Ping's combined studio, showroom and home, however, is nothing like the show she puts on. The 27-year-old designer creates her award-winning collection on the top floor of a small four-storey walk-up in the Upper East Side. The cluttered workspaces are strewn with scissors, fabric and samples of her work.
The designer herself is petite and reticent. She wears a white, oversized, hooded fleece and grey leggings, and her long black hair is pulled back into a ponytail. Her face is free of makeup and she adjusts her dark-rimmed glasses several times during the conversation.
Born in Queens to Chinese immigrants, Ping was six when she began designing clothes. 'I started out designing for my Barbies. Then, when I was 12, I made my very first garment - a fuchsia tent dress,' she says.

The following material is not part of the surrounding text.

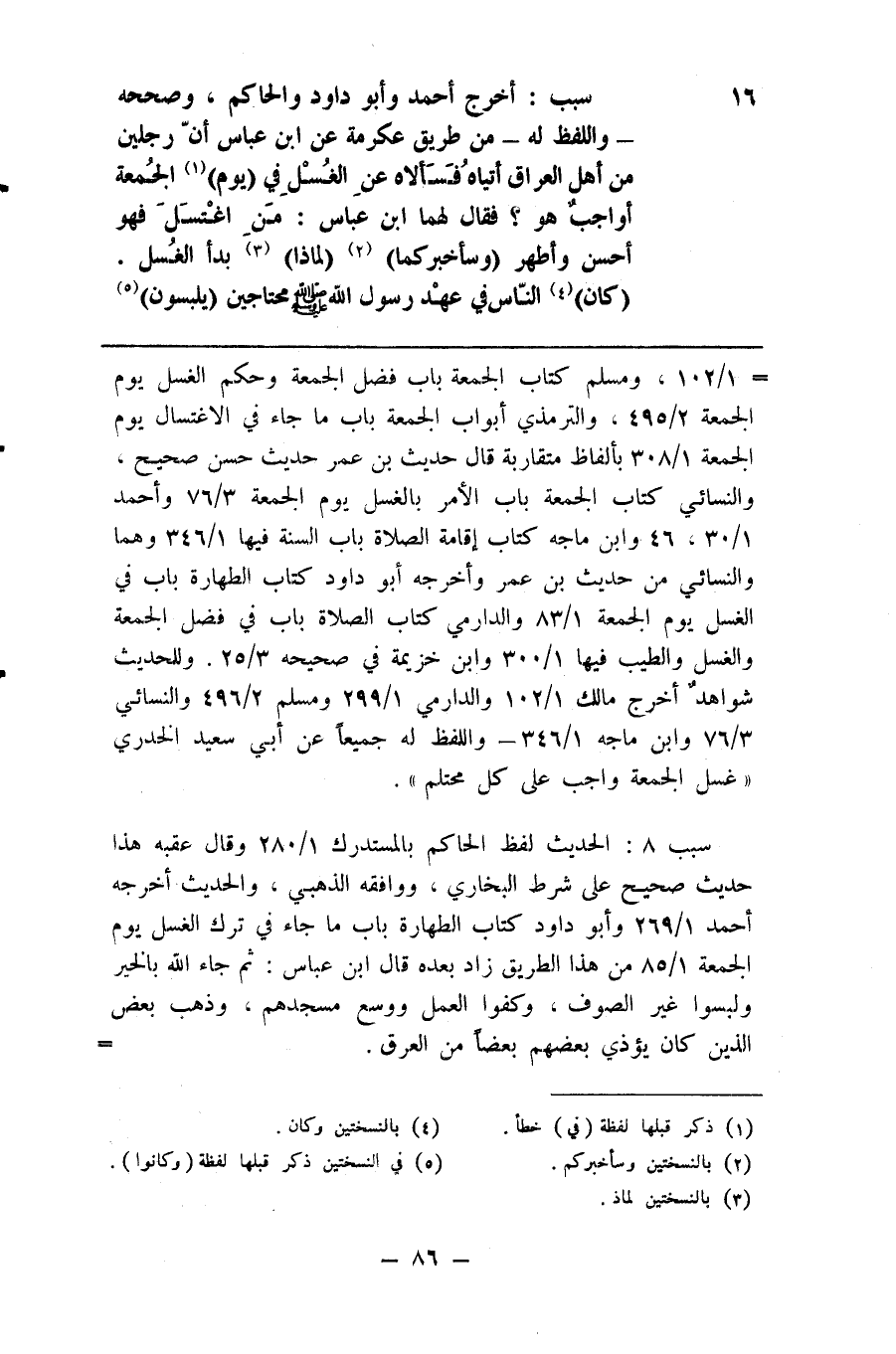 16 سبب أخرج أحمد وابو داود والحاكم وصححه واللفظ له من طريق عكرمة عن ابن عباس ان رجلين من أهل العراق أتياه فسألاه عن الغسل في ( يوم ) ( 1 ) الجمعة أواجب هو فقال لهما ابن عباس من اغتسل فهو أحسن وأطهر ( وسأخبركما ) ( 2 ) لماذا ( 3 ) بدأ الغسل ( كان ) ( 4 ) الناس في عهد رسول الله صلى الله عليه وسلم محتاجين ( يلبسون ) ( 5 )

Both her mother, a self-proclaimed fashionista, and her grandmother helped her realise her dream. 'My grandma taught me how to sew and once I learnt how to do that, I knew design was what I wanted to do,' she says.
Ping didn't study fashion. She took a degree in visual arts from New York's Vassar College, where she developed an interest in art. 'It was basically about teaching myself and I designed based on my own personal taste,' she says.